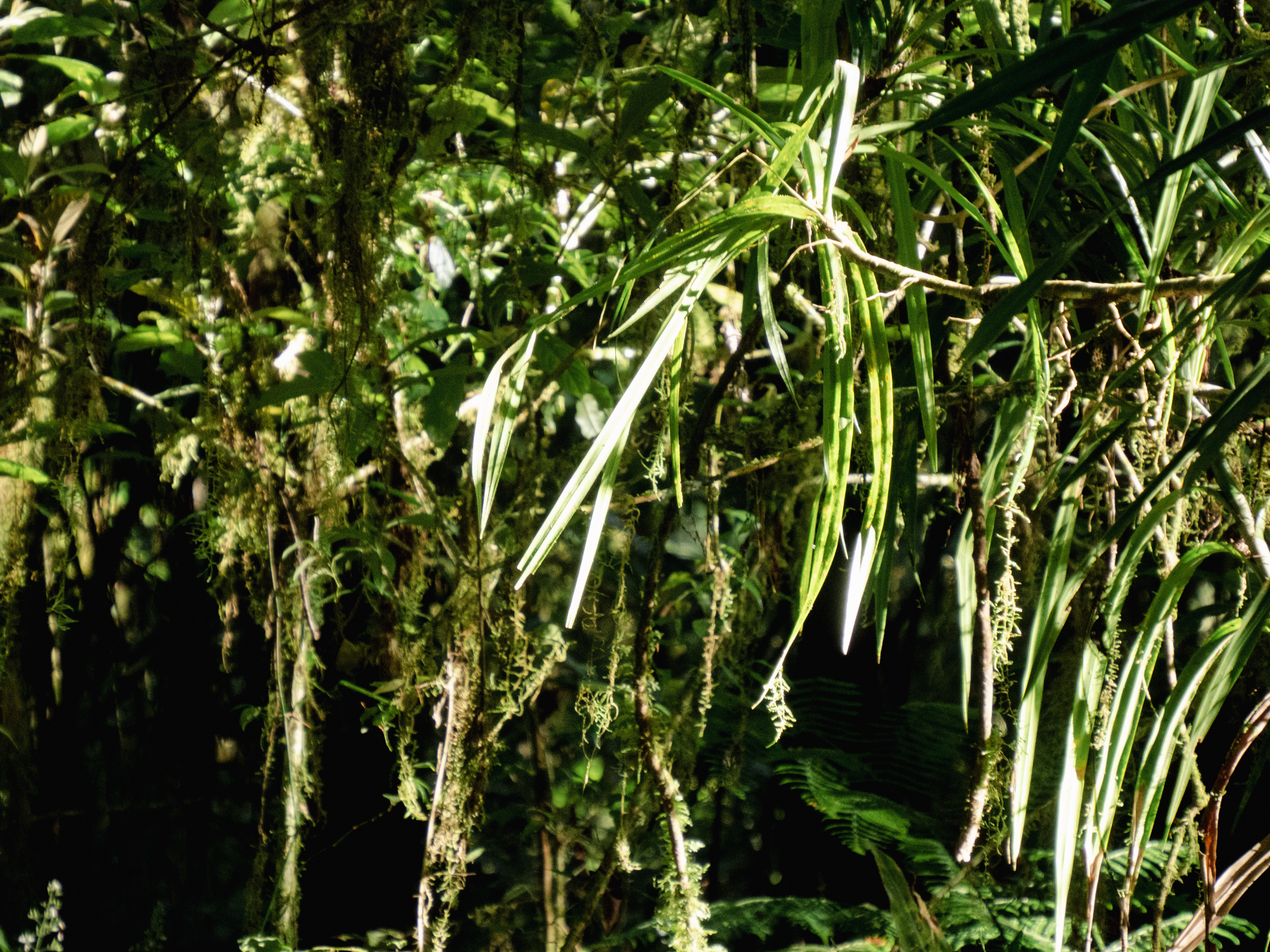 Je profite encore quelques minutes de ce temps suspendu avant d’entamer la descente pour retrouver Mathilde et Laurent. Le terrain est glissant. Il faut avancer prudemment. Je quitte les cimes, m’enfonce à nouveau dans la forêt et découvre les couleurs d’un décors appréhendé durant la nuit. L’environnement revêt des allures presque féériques. Les feuilles laissent filtrer une lumière tamisée faisant danser l’atmosphère au rythme des ombres et des chants des oiseaux qui s’éveillent.
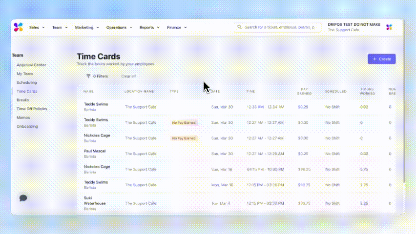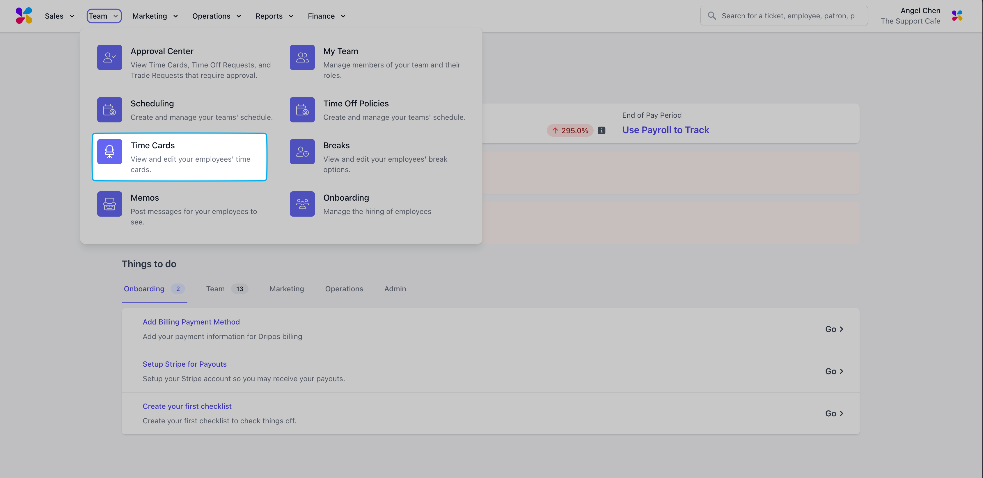 Log in to the Web Dashboard and navigate to Team > Time Cards
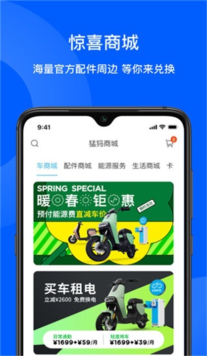 3、我的:积分、签到、BaaS电池租用、预约试驾、邀请购车等
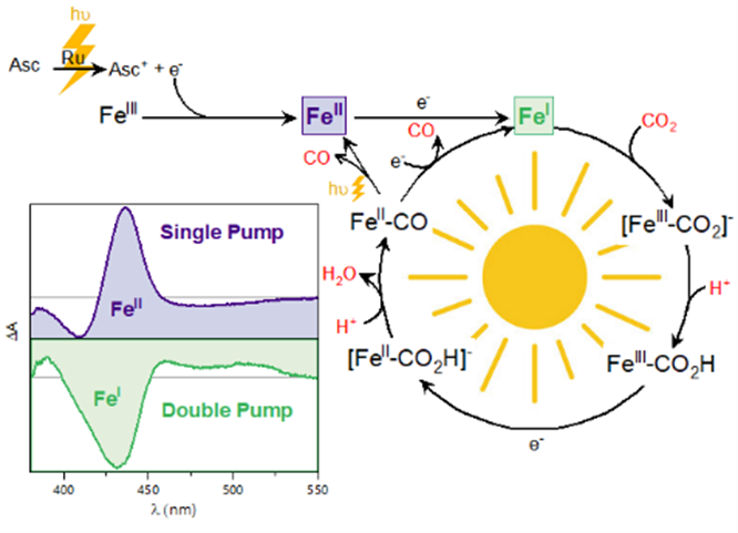 In spite of the advancements in homogeneous catalysis, the development of the next generation of catalysts requires a complete understanding of the fundamental photoinduced processes taking place prior to and after activation of the substrate by the catalyst. In this work, we employ a state-of-the-art nanosecond optical transient absorption spectroscopic setup with a double excitation capability to induce charge accumulation and trigger the reduction of CO2 to carbon monoxide (CO). Our biomimetic system is composed of a urea-modified iron(III) tetraphenylporphyrin (UrFe(III)) catalyst, the prototypical [Ru(bpy)3]2+ (bpy=2,2’-bipyridine) used as a photosensitizer, and sodium ascorbate as an electron donor. Under inert atmosphere, we show that two electrons can be successively accumulated on the catalyst as the fates of the photogenerated UrFe(II) and UrFe(I) reduced species are tracked. In the presence of CO2, the catalytic cycle is kick-started providing further evidence on CO2 activation by the UrFe catalyst in its formal Fe(I) oxidation state.
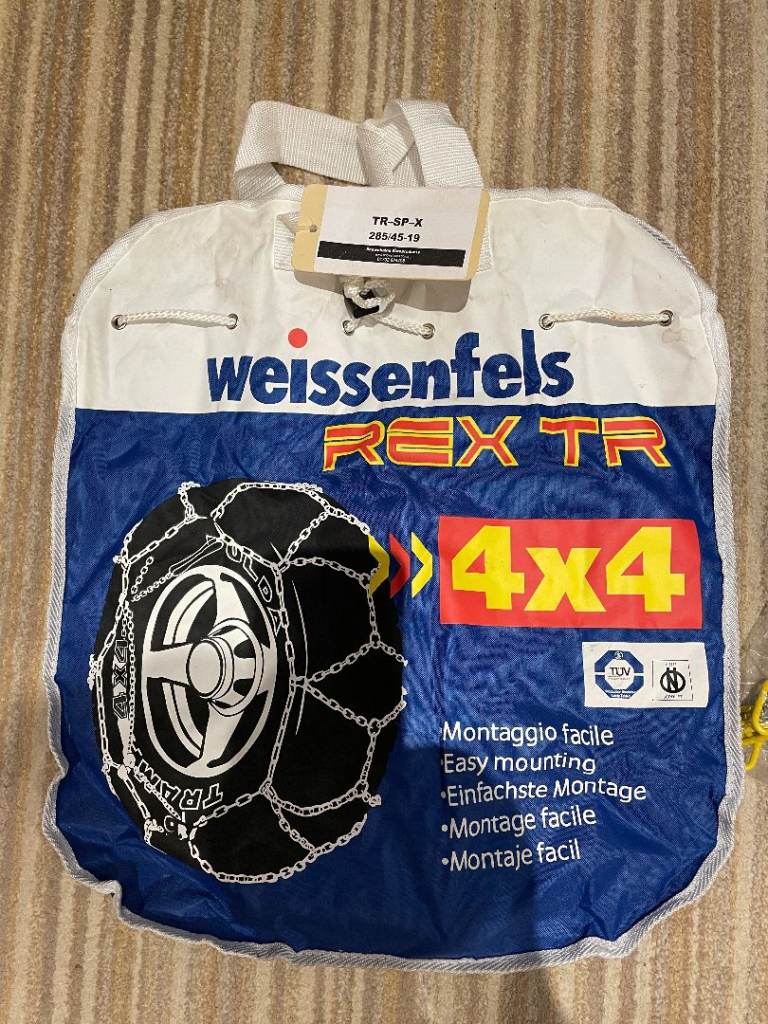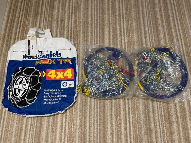 Weissenfels RXTR Snow Chains. Fitted once to practice (just incase) but never used so condition is as new. Cost new over £200
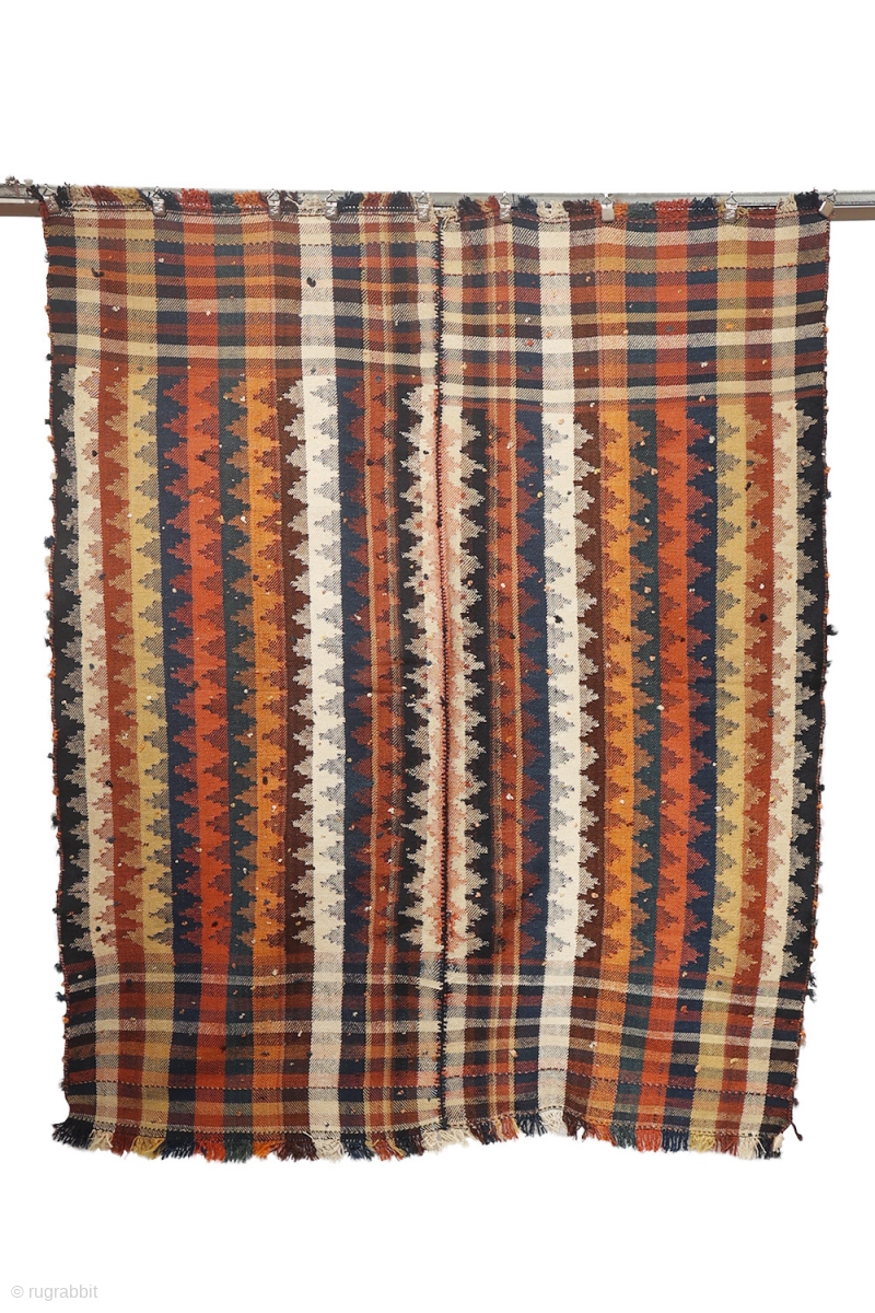 This antique moj or jajim kilim is woven with natural dyes. The wool is finely spun. Woven in two pieces and joined in the center. You can buy this jajim directly from our web:
·····
-- Activity --
Without including any picture, write out the material above verbatim.

-- Answer to the problem --
 Je profite encore quelques minutes de ce temps suspendu avant d’entamer la descente pour retrouver Mathilde et Laurent. Le terrain est glissant. Il faut avancer prudemment. Je quitte les cimes, m’enfonce à nouveau dans la forêt et découvre les couleurs d’un décors appréhendé durant la nuit. L’environnement revêt des allures presque féériques. Les feuilles laissent filtrer une lumière tamisée faisant danser l’atmosphère au rythme des ombres et des chants des oiseaux qui s’éveillent.
 Log in to the Web Dashboard and navigate to Team > Time Cards
 3、我的:积分、签到、BaaS电池租用、预约试驾、邀请购车等
 In spite of the advancements in homogeneous catalysis, the development of the next generation of catalysts requires a complete understanding of the fundamental photoinduced processes taking place prior to and after activation of the substrate by the catalyst. In this work, we employ a state-of-the-art nanosecond optical transient absorption spectroscopic setup with a double excitation capability to induce charge accumulation and trigger the reduction of CO2 to carbon monoxide (CO). Our biomimetic system is composed of a urea-modified iron(III) tetraphenylporphyrin (UrFe(III)) catalyst, the prototypical [Ru(bpy)3]2+ (bpy=2,2’-bipyridine) used as a photosensitizer, and sodium ascorbate as an electron donor. Under inert atmosphere, we show that two electrons can be successively accumulated on the catalyst as the fates of the photogenerated UrFe(II) and UrFe(I) reduced species are tracked. In the presence of CO2, the catalytic cycle is kick-started providing further evidence on CO2 activation by the UrFe catalyst in its formal Fe(I) oxidation state.
 Weissenfels RXTR Snow Chains. Fitted once to practice (just incase) but never used so condition is as new. Cost new over £200
 This antique moj or jajim kilim is woven with natural dyes. The wool is finely spun. Woven in two pieces and joined in the center. You can buy this jajim directly from our web:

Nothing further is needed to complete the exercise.